The plebiscite was held on October 25, 2020, in which 80 percent of the citizenry voted to create a Constitutional Convention. Then on May 15 and 16, 2021, elections were held to elect the 155 members who would make up the Convention. The right wing suffered a great defeat in those elections: the independent, progressive and left-wing representatives obtained more than two-thirds of the seats, 17 of those chosen were representing exclusively the indigenous peoples of the nation. And if that wasn’t enough, the Constitutional Convention elected, democratically, Elisa Loncón, a Mapuche woman, as president of this body that will have one year to draft a new constitution. 

The Constitutional Convention is just beginning to work on its internal regulations with some difficulty, due to the sabotage carried out since its first meeting by sectors of the Right who don’t agree with the results of the election or the political profile of its participants. 

The Chilean bourgeoisie is aware that, most likely, the new constitution will strip them of the judicial tools that historically have allowed them to plunder the economic resources of the country. It will not be at all easy for the Convention members and for the Chilean people to resist the attacks that will surely be perpetuated against this democratic organization. During the electoral campaign of the constituents, the vast majority of candidates put forward issues that they considered should be included in this fundamental document: 

1. That the new constitution recognize native peoples, who for generations have been fighting for their rights and their territories, as has been the case of the Mapuche people. It is worth highlighting that in Chile, there is currently an “anti-terrorist” law that was designed and passed exclusively to fight, through violence, the self-defense actions conducted by the Mapuche community. At the same time, it has been proposed that the Republic of Chile be considered a Plurinational State, that is, as Mapuche journalist and activist Pedro Cayuqueo expressed, “the recognition of the diversity of nations that make up the State.” 

2. To include the right to quality and free education for all, ending the decades of privatizing education in Chile. 

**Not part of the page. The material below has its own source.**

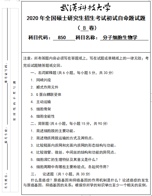 拼搏在线官网真题:武汉科技拼搏(中国)850分子细胞生物学2020年硕士研究生招生考试初试自命题试题

3. The right to have access to a free and high-quality public health system, as a fundamental requirement for a functioning society. 

4. The right to have access to a public transportation system that has affordable fees, as a fundamental condition to facilitate the mobility of the people to conduct their everyday activities. 

5. That the constitution guarantee the respect of diversity in all its expressions, in terms of race, sexuality, gender and others. That Chile stand out as being inclusive in every sense of the word. 

6. The right to a job, as a basic pillar for the economic maintenance and integral human development of all. 

7. That the constitution assures the creation of a pension system that offers decent pensions for all Chilean workers of retirement age. 

8. The protection of the environment, through the development of sustainable energy sources and the nationalization of natural resources, such as water, native forests and biodiversity that should belong to all Chileans. Chile is one of the few countries that has privatized such an essential resource as water. 

These are only some of the points of discussion that representatives have included in the agenda for the Constitutional Convention. The questions remain: Will the Chilean oligarchy allow these rights to be included in the Constitution? What type of repressive measures will the Chilean bourgeoisie adopt to stop this process of social change? What will be the response of the Chilean people to these proposed changes? 

The only thing certain at this time is that to carry out this political transformation in Chilean society, it will be necessary to support, through massive popular mobilizations, the arduous and difficult work that lies ahead for the Constitutional Convention.